Sandwiches are a staple of life in America.  We eat cold sandwiches and hot.  We consume tons of burgers.  We eat them for lunch and for dinner.  There is an infinite variety of sandwiches.  We’ll examine how sandwiches are made and explore recipes.

Sandwiches can be divided into four component parts: Breads, spreads, fillings, and garnishes.  We will briefly examine each.


Your choice of bread is largely a matter of preference.  You can use sandwich loaves in white, wheat, or rye.  You can use hearty hearth loaves of sourdough, peasant, or pumpernickel.  You can use dinner rolls or sandwich buns.

The bread should be thick enough and firm enough to support the sandwich.  A meat sandwich requires more support in the bread than does a cheese or egg salad sandwich.  Some breads need to be toasted to be firm enough to support the filling.  There should be a balance in quantity between the bread and the filling.  Tight crumbed breads can be sliced more thinly than open crumbed breads.
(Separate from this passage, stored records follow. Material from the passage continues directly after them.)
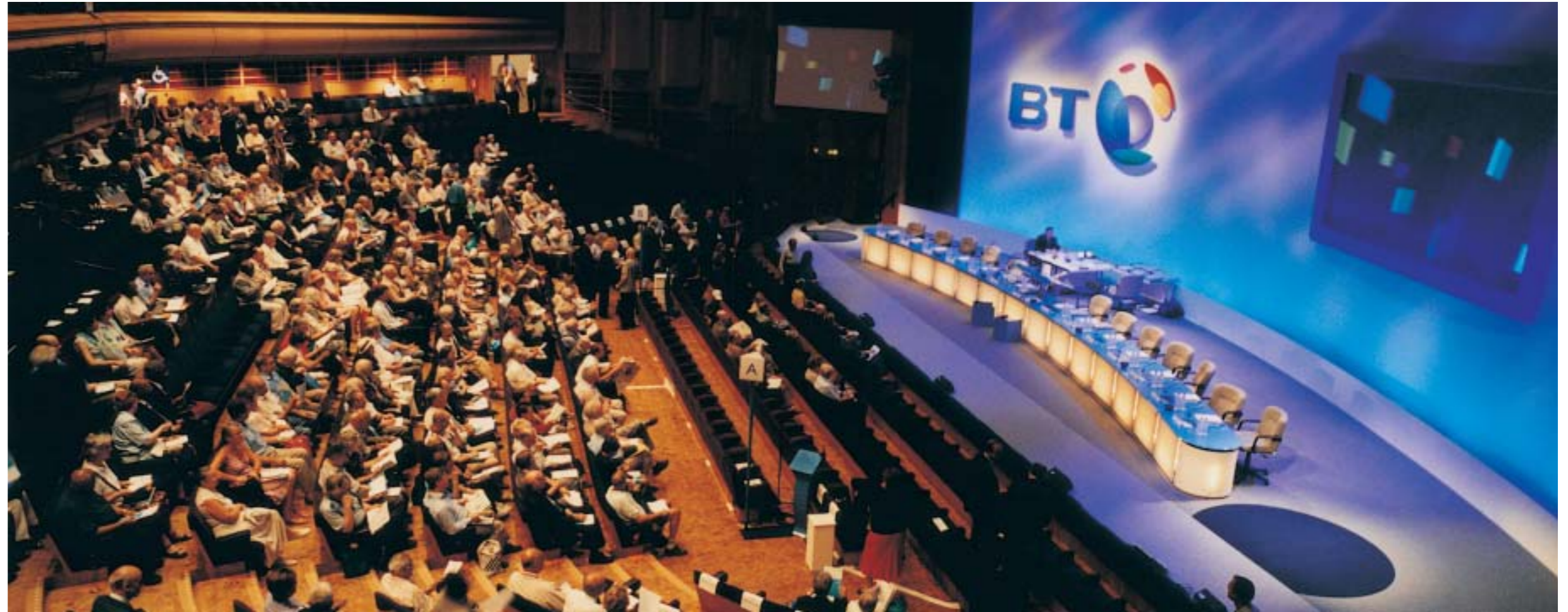
Excellent sight lines, tiered seating and air-conditioning are just some of the features that make Barbican Hall the perfect venue for high profile events.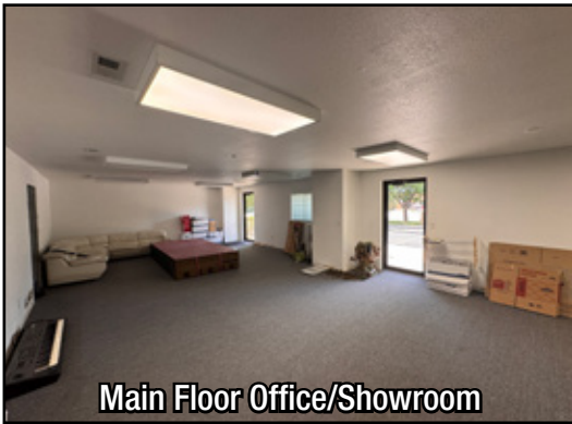
Main Floor Office/Showroom

1327-1331 S. Garfield Ave., Loveland, CO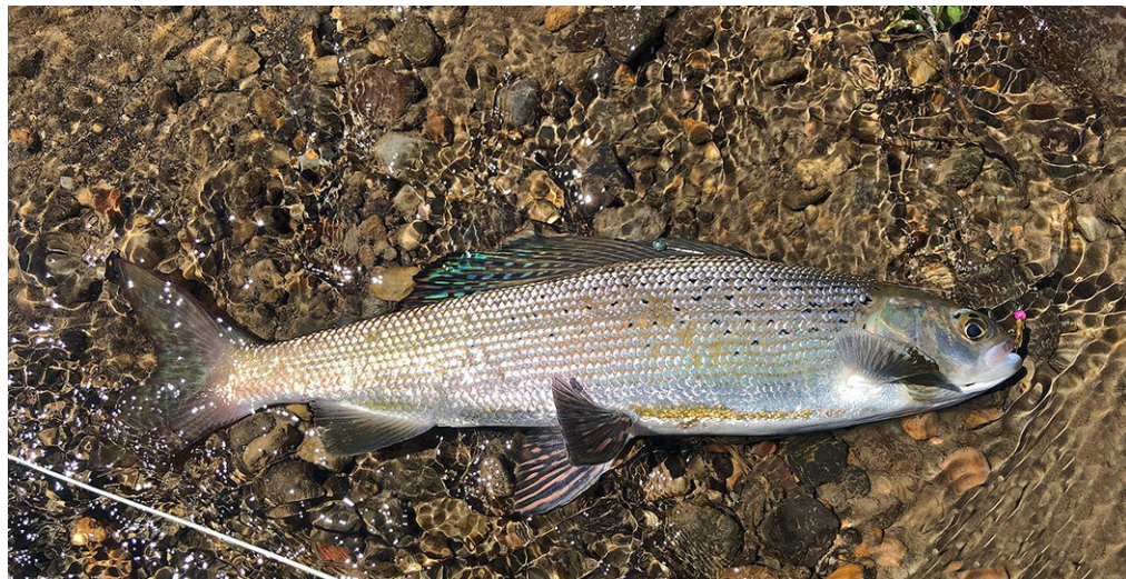
A grayling caught and landed during the MFFC Yellowstone trips this summer.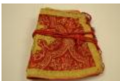
Arm Cuff (2002.45.4.B)

The flavor of the bread should complement but not overwhelm the filling.  A rye bread with caraway works well with a Rueben sandwich but may be overwhelming for a mild filling.

Our favorite breads for sandwiches include:

Southwest Potato Bread

San Francisco Sourdough Style Bread

Garden Harvest Vegetable Gourmet Bread

Sour Cream Potato Rolls

Black Russian (Pumpernickel) Bread

New York Rye Gourmet Bread

Golden Honey Wheat Hamburger Buns

Buttermilk Wheat Bread

Farmhouse Honey Wheat Bread


Spreads such as mayonnaise, salad dressing, or butter are fat based and provide a barrier against moist fillings.  Without those spreads, tomatoes or pickles could turn a sandwich into a soggy mess.  Additionally, spreads add flavor and moistness.  Chicken or tuna salad sandwiches incorporate the spread with the filling.

Spreads include:

  • Mayonnaise
  • Salad dressing
  • Ketchup
  • Mustard
  • Guacamole
  • Jellies
  • Commercial sandwich spreads


You can put whatever you want on a sandwich from peanut butter to meats.  Meats should be tender enough that you can bite through them without tearing the sandwich apart.  Thin sliced meats, “deli-sliced”, are much more tender and make ideal sandwich fillings.

The filling is the star of the sandwich.  Once the filling is chosen, breads, spreads, and garnishes are chosen to accompany it.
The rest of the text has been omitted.